On that final day alone, it took Biden’s massive 35-vehicle motorcade, which included an ambulance and backup cars in case there were breakdowns, three hours to get to the village from Kenya’s capital city, Nairobi — some of it over dirt roads so rough that they could be traversed only in giant SUVs and Land Cruisers used for safaris. Past riverbed after riverbed that had completely dried up. Past the many men on the side of the road selling hay savanna. Past herds of cows wandering through busy settlements along the highway in search of water, so emaciated their ribs were showing. Past crowds of thousands of people who had stopped whatever they were doing to catch a glimpse. Past goats and donkeys that held up the motorcade, and ostriches that ran alongside it.
Asked what she found most memorable about this Africa trip, Biden told The Post: “This is one of the highlights, just getting out of the city and seeing people and how they’re living and their challenges, how tough life is for a lot of people. But it makes me feel good about what our country does for other countries.”
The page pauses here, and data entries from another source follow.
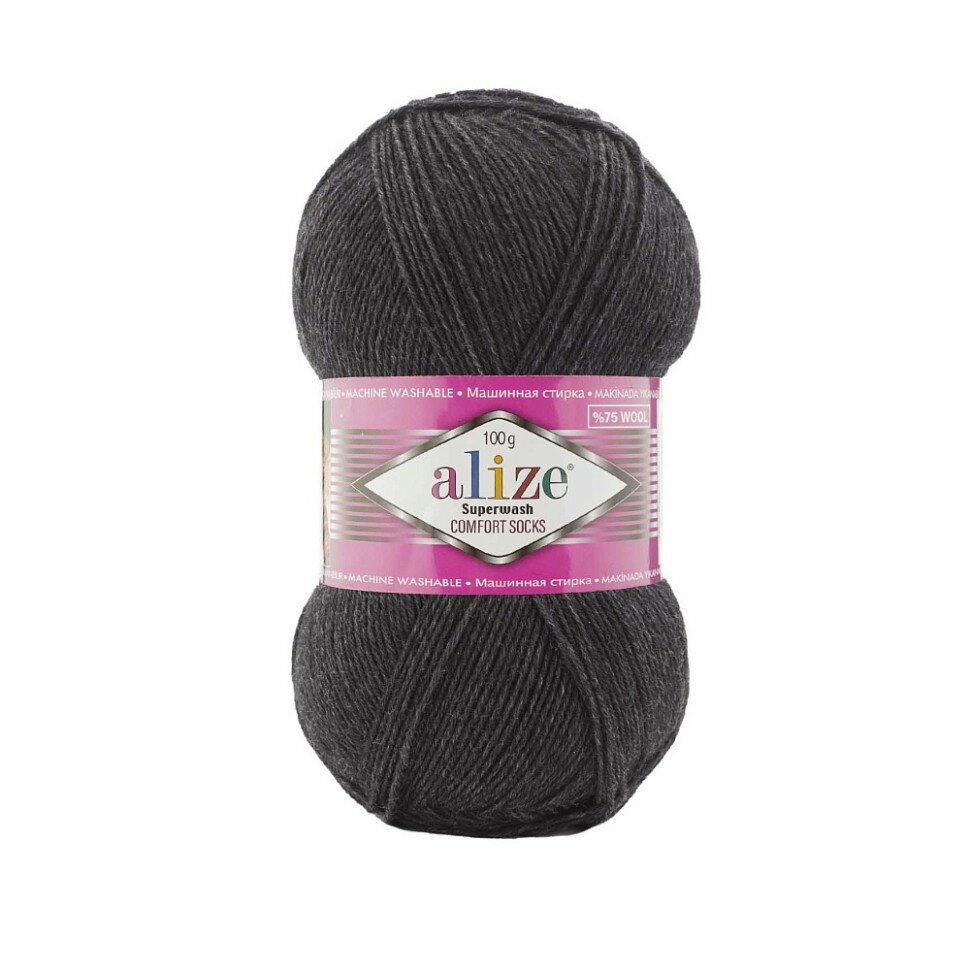 10 цен на Пряжа Alize Superwash 100 антрацит (521), 75%шерсть/25%полиамид, 420м, 100г, 5шт
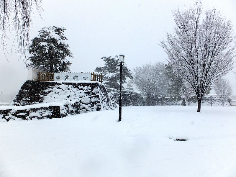 というわけで甲府城だったのですが、市街地というか駅のすぐ近くにある城跡は、コンパクトな中にも曲輪や石垣がしっかりと残っていて見所が色々と有るというか、個人的に好きなタイプの城跡でした。でも、今回、全て持って行ったのが、甲府ではン十年ぶりという大雪。甲府で雪景色って結構珍しいと思てますし、また、雪化粧の城跡というのはとても美しいものではあるのですが、それでも限度というものが。(場内でクロスカントリースキーやっている方が居たのには笑いましたが。)お陰で色々と見逃した部分もありますので、是非ともまたお伺いしたいと思います。
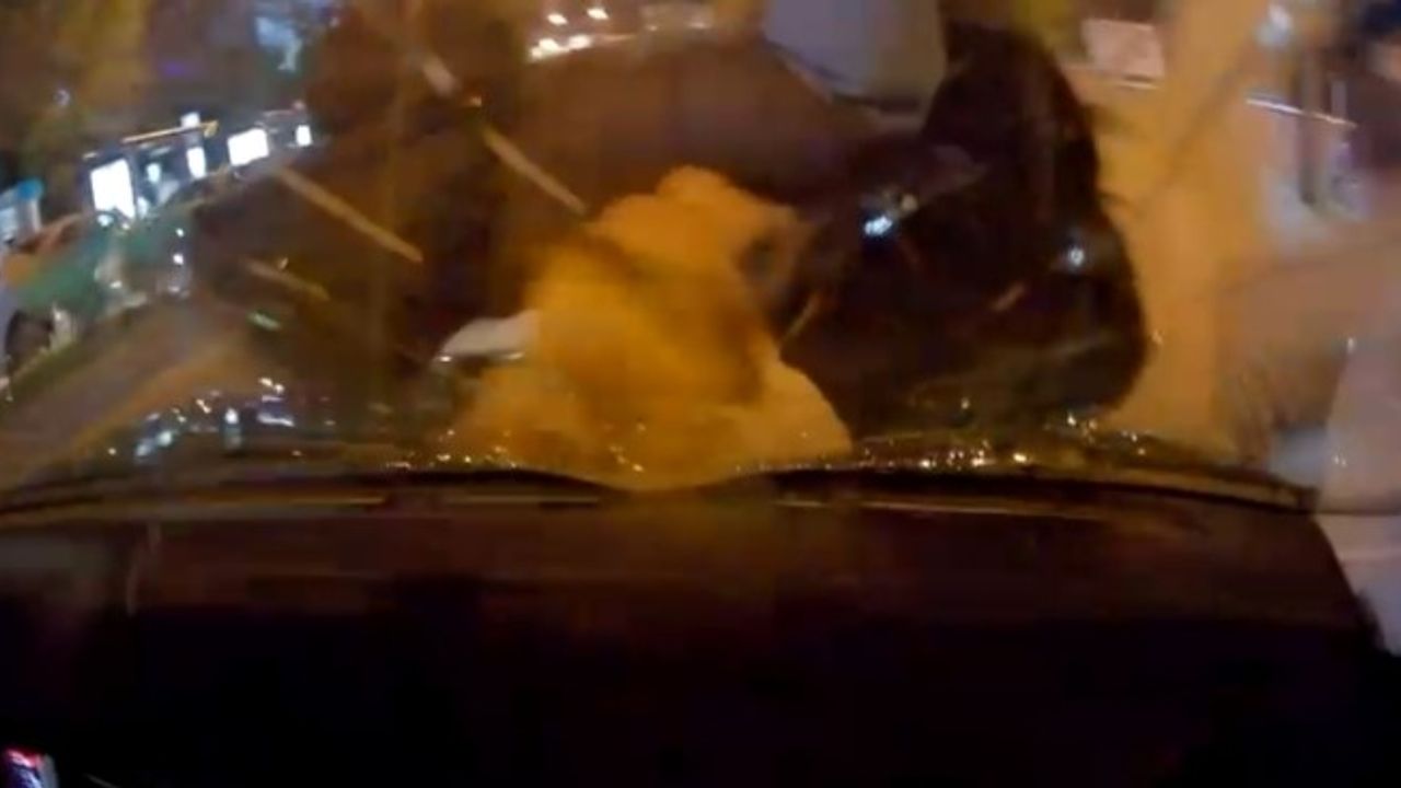 Edirne’de yaya geçidini kullanarak yolun karşısına geçmeye çalışan motosiklete otomobil çarptı. 2 kişinin yaralandığı kaza anı araç kamerasına yansıdı.
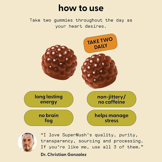 - SUPERIOR ENERGY SUPPORT - Unlike many supplements that use mycelium grown on grain, our gummies contain pure fruiting body extracts with verified active compounds. The Cordyceps and Lions Mane extracts come from whole mushrooms, cultivated for maximum potency. Our mushroom gummies are elevated with Peruvian Maca root and pure L-Theanine. Maca, a superfood herb, improves mood, energy, and stamina. L theanine, found in green tea, promotes an alert yet relaxed state of mind.
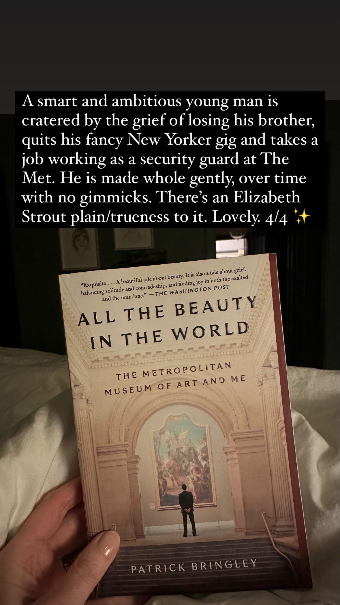 Including this one because the author is healed by the beauty of his workplace and colleagues. And time, of course, but we’re operating within a theme here.
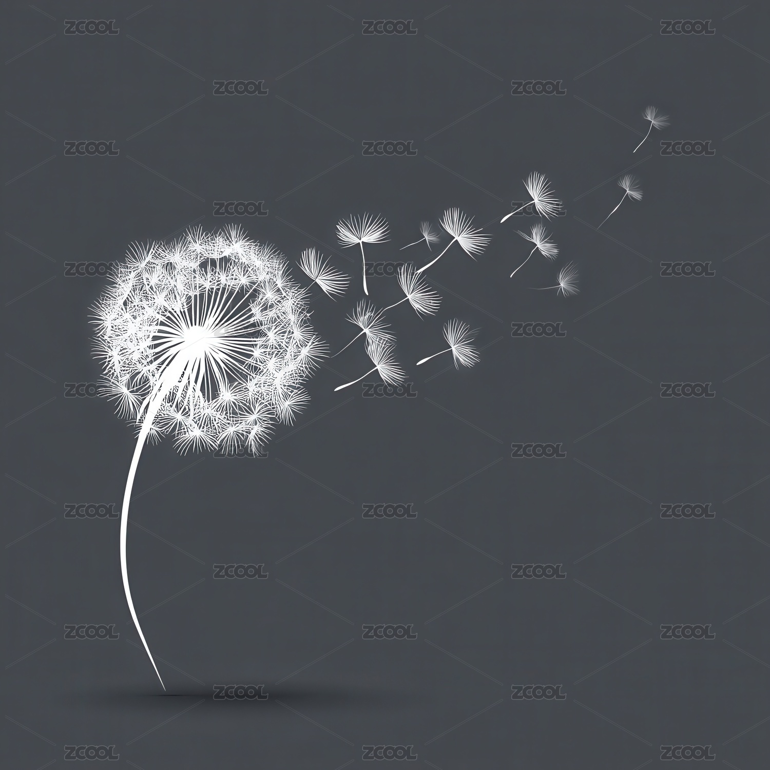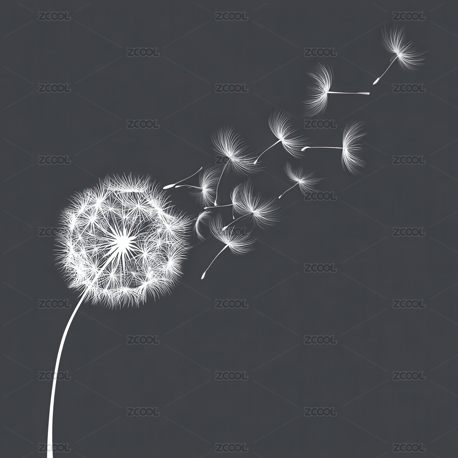 深色背景下飘散的白色蒲公英
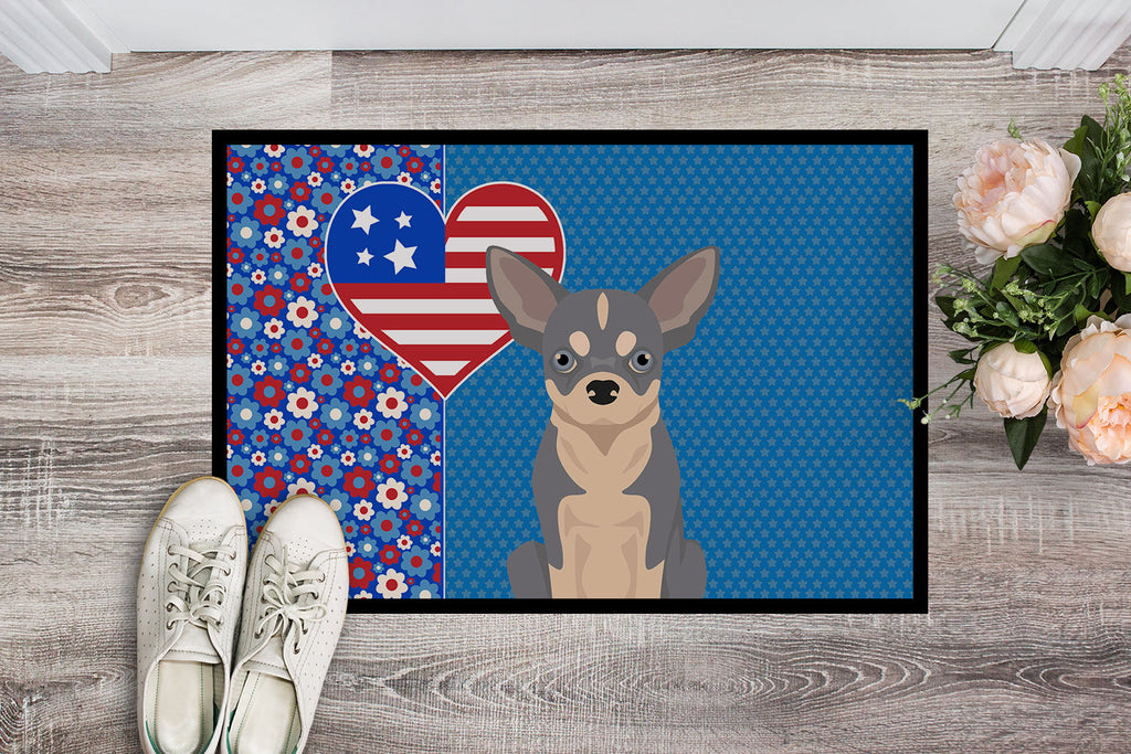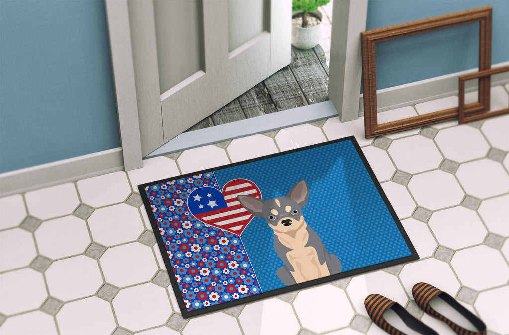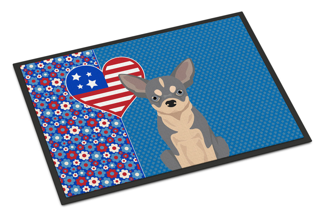 Shown here is the Blue and White Chihuahua USA American Doormat from Caroline's Treasures featuring artwork of a Chihuahua in a 4th of July design. The detailed illustration and vibrant colors make it a standout accent that celebrates both seasonal style for your homet. Celebrate love for country and home with our USA Love America Collection. Featuring patriotic designs inspired by red, white, and blue traditions, this collection brings heartfelt American spirit and timeless style to home d�cor and meaningful gifts. Welcome your guests in style with our Artwork Door Mat, designed to withstand almost any weather condition. This mat, measuring approximately 24 by 36 inches, is held together by durable black binding tape. Its top layer, composed of polyester felt, is dyed with the eye-catching image you see on the mat. A few layers below provide the mat with stability, while its rubber bottom is stamped to help prevent slipping and ensures safety. Our mat works wonderfully as both an indoor or outdoor door mat. For cleaning, simply hose it off with water or use a power washer - no need for any cleaner that produces suds. Avoid scrubbing with a brush, instead, opt for the vacuum on floor setting. Designed manufactured and printed in the USA, this mat is a perfect addition to your porch, outdoor kitchen, entryway, or any indoor space. Its unique design makes it a charming decorative rug that greets your guests and adds a stylish touch to your home decor. Chihuahuas are small companion dogs known for their bold personality and strong attachment to their owners. Despite their size, this breed is admired for its confidence, loyalty, and alert nature. Perfect for: Front doors, entryways, and porches, everyday home d�cor, Dogs-themed homes, or year-round display for Chihuahua lovers. Makes a heartfelt gift for: Chihuahua owners, Dogs lovers, 4th of July gifts, pet parents, friends who adore their Chihuahua, or anyone celebrating Dogs.
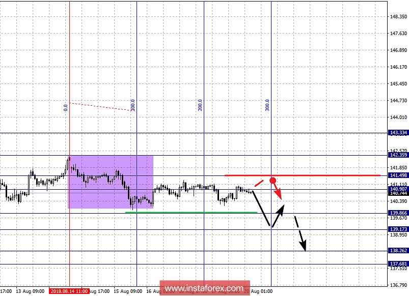 Para el par GBP/JPY, los niveles claves en la escala de H1 son: 142.35, 141.49, 140.90, 139.86, 139.17, 138.26 y 137.68. Aquí, el precio forma una estructura bajista local del 14 de agosto. La tendencia bajista a corto plazo es posible en el rea de 139.86 - 139.17. La ruptura del último valor llevar al desarrollo de un movimiento pronunciado. Aquí, el objetivo es 138.26. El valor potencial para el piso es el nivel de 137.68. Cerca a este nivel, esperamos la consolidación y también un retroceso alcista.
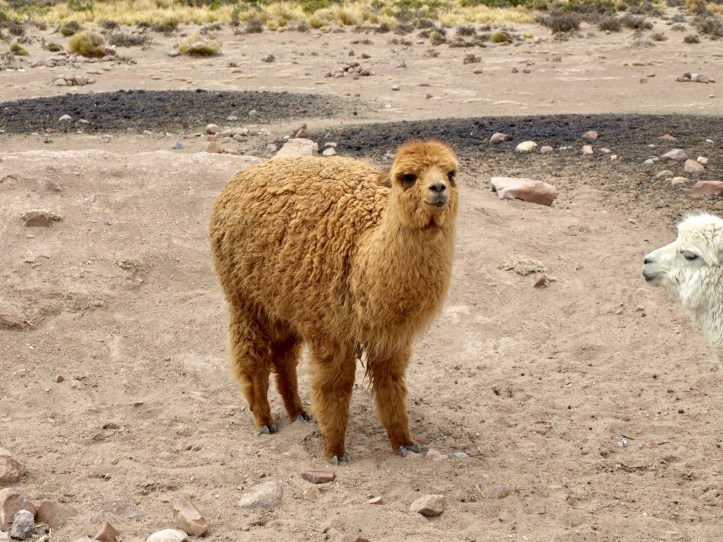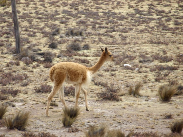 Puis il faut quitter le trafic de la banlieue d’Arequipa, avant de s’élever lentement mais sûrement La route est en très bon état mais chargée de camions (principalement miniers) jusqu’à rejoindre l’Altiplano, où on peut voir de nombreuses vigognes, des lamas et des alpagas.

Biden’s visit was meant to bring attention to a dire issue that aid workers fear will get lost in other crises. While her remark about her husband’s 2024 plans may have upstaged things back in the States, there was evidence on the ground that Biden showing up had an impact. The U.S. Agency for International Development (USAID), which helps set up tents by Lositeti’s church every other Sunday, offering physicals and malnutrition checks, reported that a whopping 474 people came in and received treatment that day — more than seven times their normal rate, and many of them children. For the roughly 75 schoolchildren who had lined the road, singing and dancing, upon her arrival, or the boy who rode his bike alongside the slow-moving motorcade until they finally reached pavement, it seemed like the experience of Biden’s visit was the kind they might remember for the rest of their lives. While everyone was waiting in cars to depart, several children came over and were delighted to use the safari vehicles like jungle gyms. One of the mothers with them, Gladys Motete, 32, was four months pregnant, with a 5-year-old son, and told this reporter that the drought was “very hard.” And as the motorcade pulled away, she asked for food.